The new American and British market capitalist model, which dictated deregulation of industry and privatization of state enterprises in the 1970s, and globalization of international markets in the 1990s, exists as a result of free political decisions and ideological choices that were anything but inevitable. History may one day describe them as having been perverse and socially destructive.
Two of the most important influences on the new capitalism were academic in origin, and the third, improbably, was an instance of romanticized egoism.
The first influence was monetarist economic theory. This in principle excluded social considerations from economic policy decision. Government economic policy was to be made chiefly in response to a single objectively determinable factor, the money supply. The effect of this new theory was to "dehumanize" economic policy, previously held to be closely related to political considerations, as was the case with the Keynesian tradition that monetarism challenged.
The second influence was primarily political, a reaction to 20th-century totalitarianism. Working in London in the 1930s, the Austrian political theorist and economist Friedrich von Hayek began as a critic of Keynes, but eventually widened his argument so as to assert as a matter of principle that state intervention in society, even in democratic political systems, amounted to a "Road to Serfdom" (the title of a book he published in 1944).
State intervention in economy and society threatened human liberty. The free market produced economic efficiency and human freedom. Hayek had a great influence on Margaret Thatcher.
The third influence was an eccentric one, important in the United States. It was the creation by a Russian-American novelist, Ayn Rand, of a "philosophy" of heroic egoism and pursuit of individual self-interest (against the mob and the weak) by superior persons. Her ideas responded to the longings of impressionable college students (including Alan Greenspan) and her views became something of a mid-century American cult, if not a sect.
This is what underlay the transformation of American corporate culture, and of the American business corporation from an institution with national identity, constrained to reconcile interests of owners, employees and community, into the modern global corporation, effectively controlled by its managers and mandated to the single objective of producing "value" for stockholders, while handsomely rewarded its executives.

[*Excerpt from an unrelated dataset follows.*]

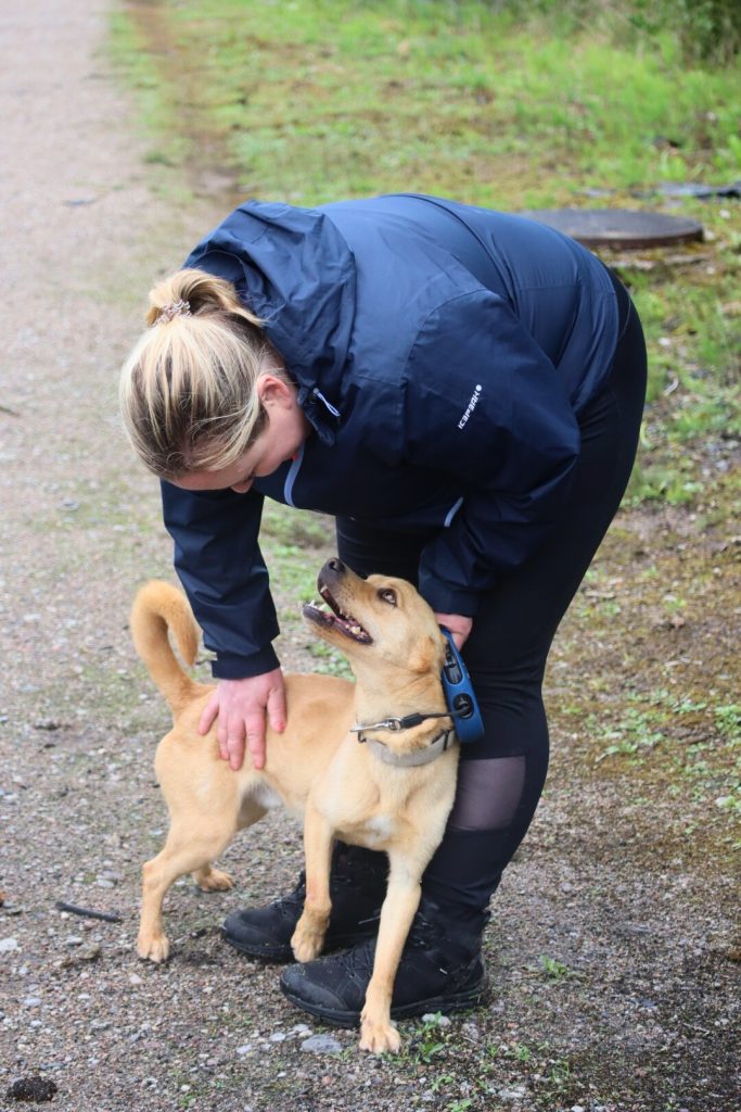 Er kommt mit anderen Hunden klar, aber nicht mit allen gleich gut – manchmal ist er wählerisch, wenn es ums Futter und den Schlafplatz geht. Er kennt Katzen und hat sich ihnen gegenüber nicht aggressiv verhalten. Er kann Treppen hoch- und runtersteigen.

This change transformed labor into an anonymous commodity and put both blue-collar and white-collar staff into competition with an effectively unlimited global labor supply, resulting in employment insecurity, reduced or static wages, diminished or eliminated benefits and pensions, and the destructive social pressures of falling living standards.
In the United States, the new model of corporate business has evolved toward a form of crony capitalism, in which business and government interests are often corruptly intermingled, the system resistant to reform because of the financial dependence of both major political parties on contributed money.
Frequently described by its supporters as a progressive step in the development of a new international economy, the political-economic system that has evolved in the United States has proved regressive in crucial respects, as well as inefficient and abusive of the public interest.
Europe, one would think, should be looking for social and economic evolution on its own terms. It is perfectly capable of doing so, as a modern industrial society that in aggregate terms is larger and wealthier than the United States, as well as less shackled by obsolescent ideology and entrenched special interests - its problems with union corporatism notwithstanding.
In the longer term, for Europeans to embark on this project, instead of conforming to the currently received wisdom concerning the globalized economy, would serve the international interest as well as that of the European Union. It might even prove a service to the United States, whose future is now jeopardized by economic error and excess, as well as unachievable global political and military ambitions.